Data listing>
-=-=-=-=-
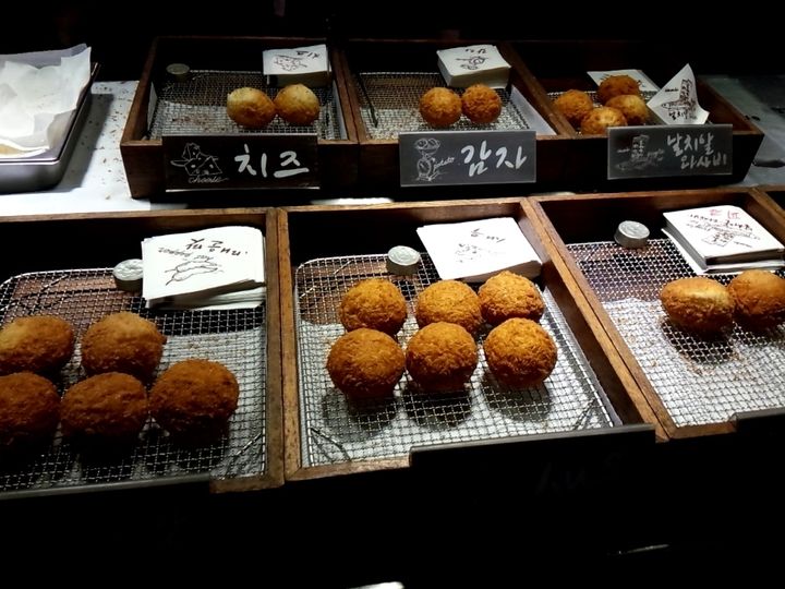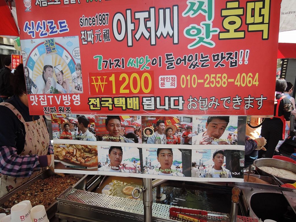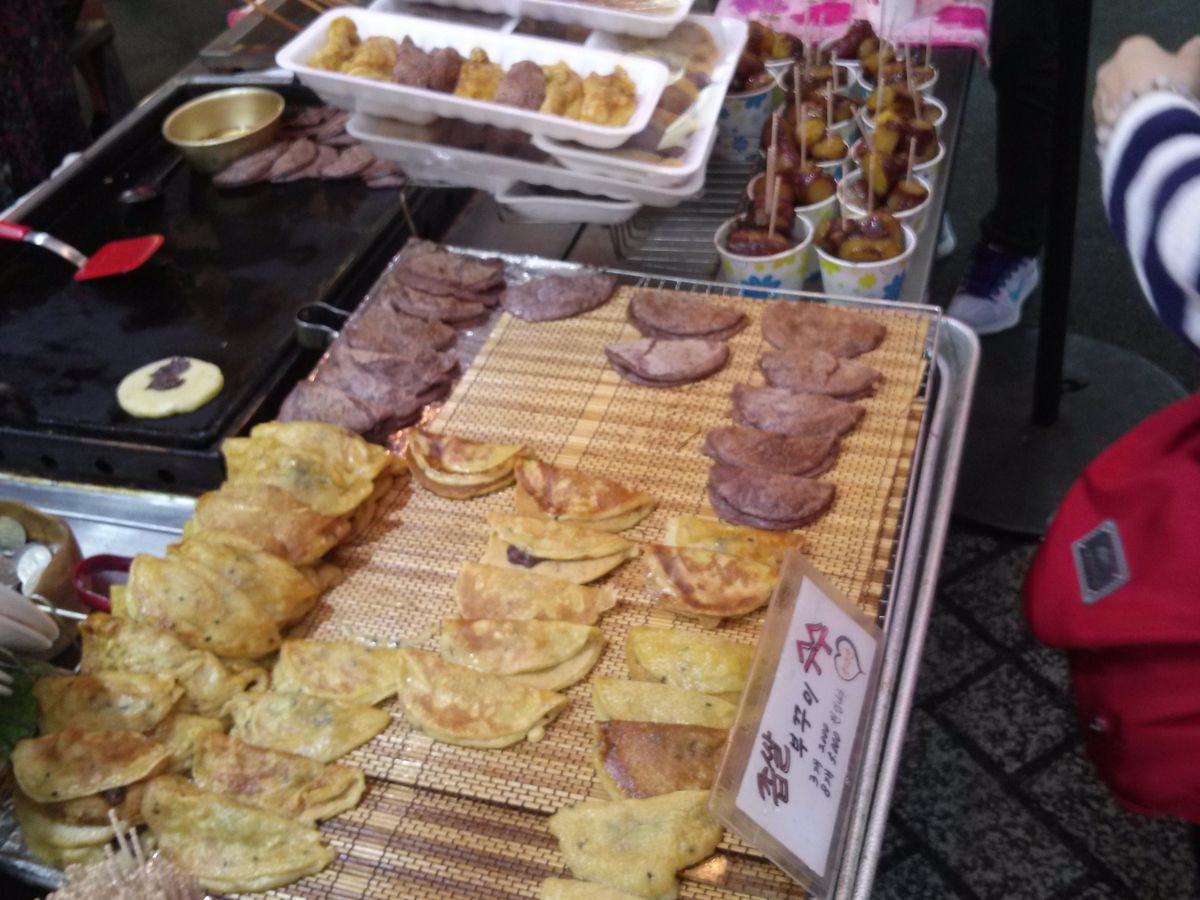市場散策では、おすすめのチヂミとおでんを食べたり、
-=-=-=-=-
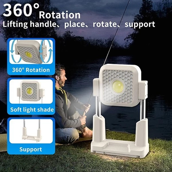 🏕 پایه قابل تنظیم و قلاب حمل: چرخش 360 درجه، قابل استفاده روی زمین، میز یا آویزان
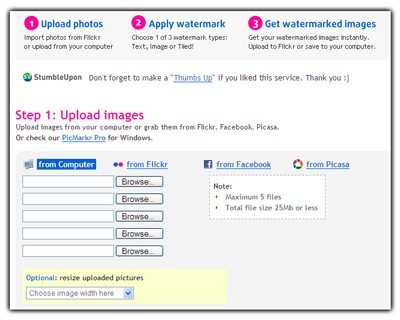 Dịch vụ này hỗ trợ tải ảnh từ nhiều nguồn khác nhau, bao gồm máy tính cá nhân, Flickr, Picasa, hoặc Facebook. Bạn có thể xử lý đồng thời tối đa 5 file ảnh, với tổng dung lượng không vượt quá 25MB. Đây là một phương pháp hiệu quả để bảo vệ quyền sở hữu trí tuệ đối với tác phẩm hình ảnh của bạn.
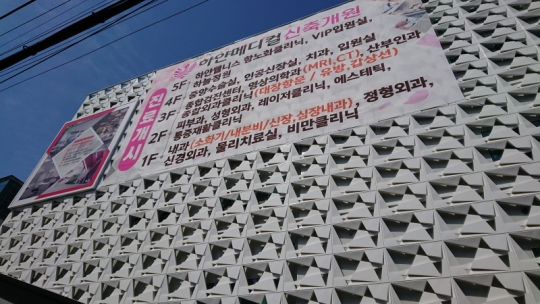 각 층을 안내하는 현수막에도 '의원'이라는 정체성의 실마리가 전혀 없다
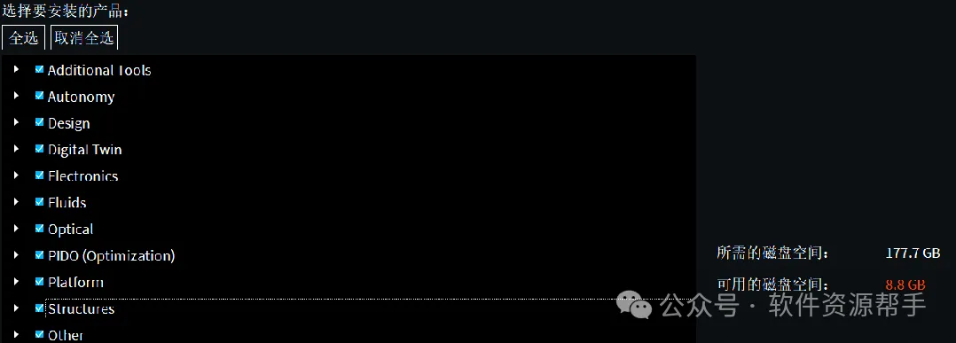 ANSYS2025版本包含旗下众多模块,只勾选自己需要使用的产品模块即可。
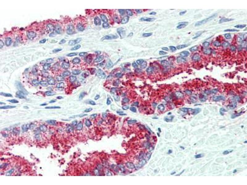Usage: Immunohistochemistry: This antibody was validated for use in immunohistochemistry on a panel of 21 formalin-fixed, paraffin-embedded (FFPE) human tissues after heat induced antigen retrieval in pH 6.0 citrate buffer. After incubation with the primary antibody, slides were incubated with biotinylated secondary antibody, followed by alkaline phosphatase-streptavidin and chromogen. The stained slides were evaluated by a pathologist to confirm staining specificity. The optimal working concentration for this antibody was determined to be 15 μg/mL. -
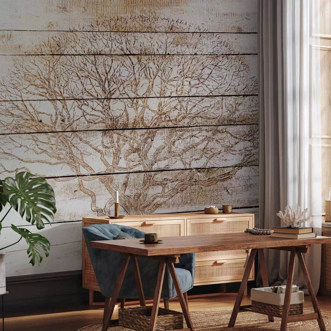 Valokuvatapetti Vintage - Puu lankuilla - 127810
-=-=-=-=-
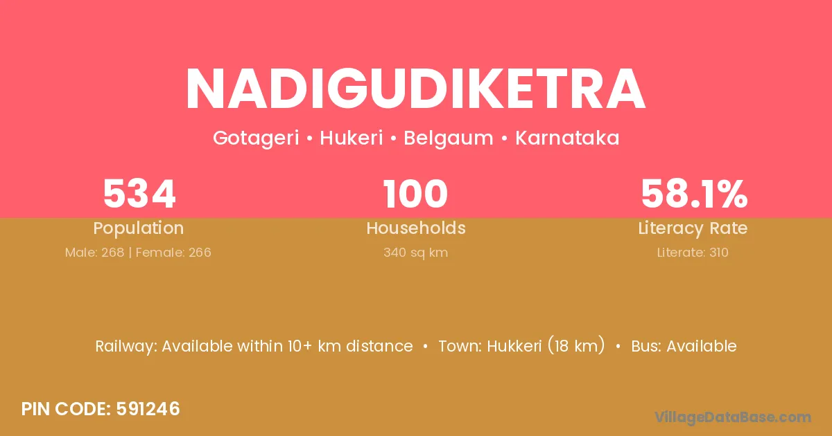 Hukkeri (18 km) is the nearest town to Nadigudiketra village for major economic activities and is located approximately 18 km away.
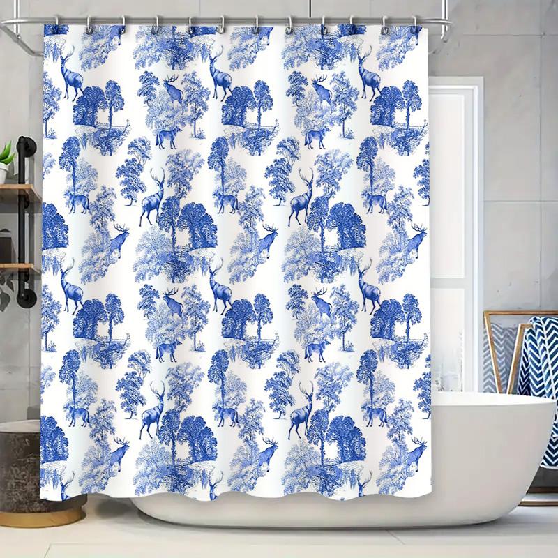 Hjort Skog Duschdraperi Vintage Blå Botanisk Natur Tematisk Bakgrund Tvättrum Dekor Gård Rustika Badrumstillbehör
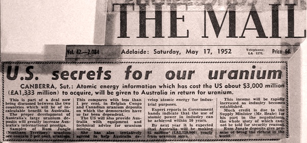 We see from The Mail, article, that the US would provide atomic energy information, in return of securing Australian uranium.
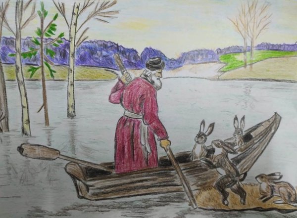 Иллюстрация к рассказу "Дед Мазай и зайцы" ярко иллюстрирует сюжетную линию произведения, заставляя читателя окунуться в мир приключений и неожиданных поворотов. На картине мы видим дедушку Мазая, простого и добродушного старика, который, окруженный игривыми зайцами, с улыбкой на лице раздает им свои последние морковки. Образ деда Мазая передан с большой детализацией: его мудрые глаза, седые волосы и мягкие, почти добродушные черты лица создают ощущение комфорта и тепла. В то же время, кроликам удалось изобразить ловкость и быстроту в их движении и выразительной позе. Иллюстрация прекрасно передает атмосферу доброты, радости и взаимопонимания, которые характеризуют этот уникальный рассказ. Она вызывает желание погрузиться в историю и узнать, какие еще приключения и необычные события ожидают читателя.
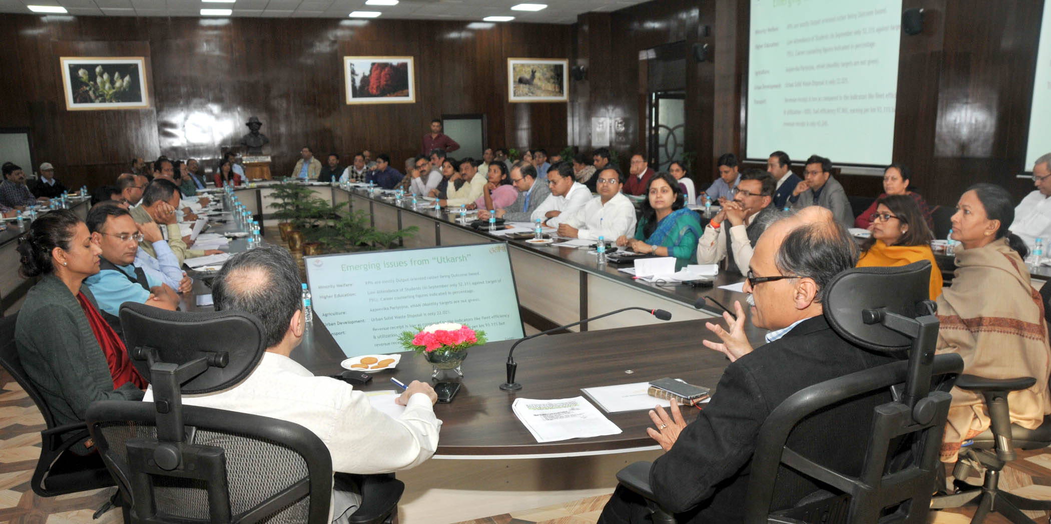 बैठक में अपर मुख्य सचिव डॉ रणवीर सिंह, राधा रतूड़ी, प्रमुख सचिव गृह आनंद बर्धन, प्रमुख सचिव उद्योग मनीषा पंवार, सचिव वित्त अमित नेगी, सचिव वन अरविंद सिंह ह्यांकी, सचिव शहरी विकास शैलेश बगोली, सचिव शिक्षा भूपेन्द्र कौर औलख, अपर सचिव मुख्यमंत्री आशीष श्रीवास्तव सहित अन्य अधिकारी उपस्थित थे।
-=-=-=-=-
Requirement>
Only one stretch of the material above is wanted: the line containing "ANSYS2025版本包含旗下众多模块,只勾选自己需要使用的产品模块即可。" through the line containing "Valokuvatapetti Vintage - Puu". Restate it word for word, minus the pictures.

Written response>
 ANSYS2025版本包含旗下众多模块,只勾选自己需要使用的产品模块即可。
Usage: Immunohistochemistry: This antibody was validated for use in immunohistochemistry on a panel of 21 formalin-fixed, paraffin-embedded (FFPE) human tissues after heat induced antigen retrieval in pH 6.0 citrate buffer. After incubation with the primary antibody, slides were incubated with biotinylated secondary antibody, followed by alkaline phosphatase-streptavidin and chromogen. The stained slides were evaluated by a pathologist to confirm staining specificity. The optimal working concentration for this antibody was determined to be 15 μg/mL. -
 Valokuvatapetti Vintage - Puu lankuilla - 127810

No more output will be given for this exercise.